Ayrıca okullarda okuduğumuz Ziya Gökalp, Mehmet Akif Ersoy
bunların da fikir babası. Sonra büyük âlim Prof.Mümtaz Tuhan, Prof.
Osman Turan, Osman Yüksel Serdengeçti ve daha pek çok gerçek
aydın bunlarla beraber. Böylece CKMP ve Türk Ocakları
çerçevesinde kalmaya karar verdim. Daha sonra Ülkü Ocakları
kuruldu. Orada görev aldım. Türk Ocaklarının gençlik kollarında hem
kültür hem de hizmet çalışmalarında bulundum.
O dönemlerde İslamcıların bir bölümü merhum Erbakan’ın
çevresinde toplanıyordu. Ancak onların Ziya Gökalp gibi bir
sosyologları, Mümtaz Turhan gibi önemli fikir adamları yoktu.
Cemaat liderleri olan bazı şeyhler ve hocalar vardı. Mısır’lı Seyit
Kutup ve benzerlerini okurlar, bize de okuturlardı. Bir şey var mı,
diye okurduk. Kendi çapımda yaptığım incelemede, teorik olarak
standartları belli ve insanlık tarafından beğenilebilen bir “İSLAM
NİZAMI” çatısı yoktu. İslamcıların araştırmacıları fıkıh, amel, insan
ilişkiler, vakıflar gibi toplumun alt katmanlarındaki konularda fikir
beyan ederler. Ahlaken de genel olarak söyleyip yazdıklarına
uymazlar. Her türlü yolsuzluk, hırsızlık gibi konularda İslam’a asla
uymayan gevşeklik ve dağınıklık içindeydiler.
Günümüze geldiğimizde bu yazdıklarımın milyon katı ahlaksız ve
günah bataklığında yüzen İslamcılarla karşı karşıyayız.

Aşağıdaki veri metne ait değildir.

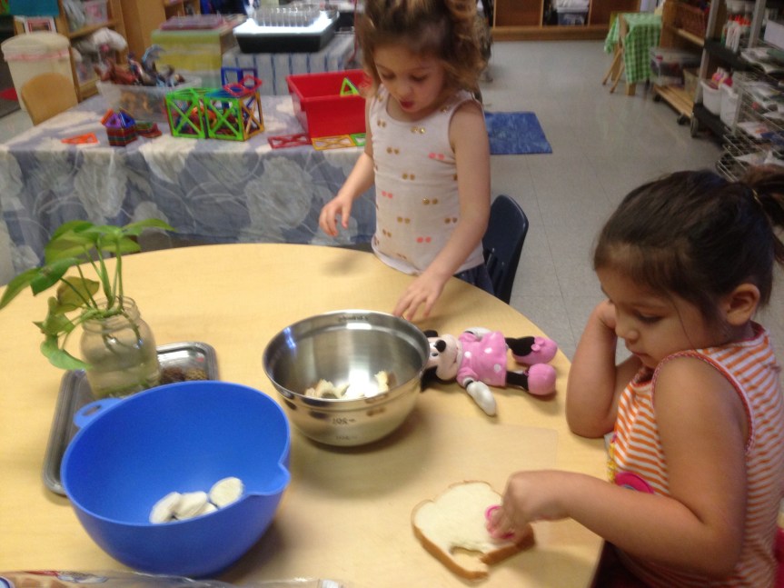And everyone remains very engaged honing their math, social/emotional, and fine motor skills in the dramatic play bakery!
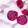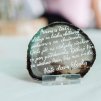 Luxusní, kaligrafií ručně popsané achátové plátky sloužící jako poděkování rodičům či svědkům. Psáno na achátové plátky původem z Brazílie. Určené pro náročné nevěsty, které by rády svůj svatební den pozdvihly na vyšší úroveň a ozdobily stoly těmito nádhernými drahokamy. Každý plátek je unikát, nenajdete dva stejné, liší se ve velikosti, tvaru, kresbě uvnitř plátku i v barvách a jsou lehce průhledné.
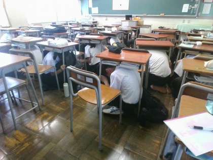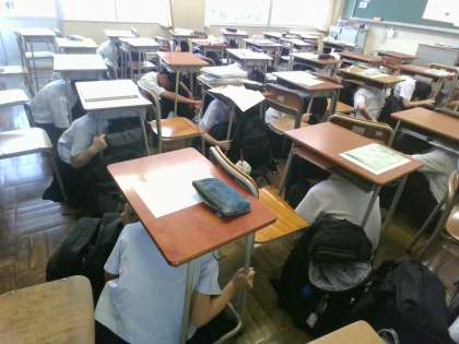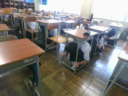生徒は机の下に入り、机の足をしっかり握って安全確保をしました。

Artık bunların Müslüman olmadıklarından söz edecek aşamaya
geldiğimiz bir zamandayız. İktidar olduklarında hepten şaşırdılar.
İŞTE YENİDEN BELİRTMEM GEREKİRSE BUGÜNKÜ İSLAMCILARDAN
OLMAK NEREDEYSE İSLAMIN DIŞINDA OLMAK ANLAMINA GELİYOR.
SEÇTİĞİM TÜRK-İSLAM MİLLİYETÇİLİĞİNDEN MEMNUNUM.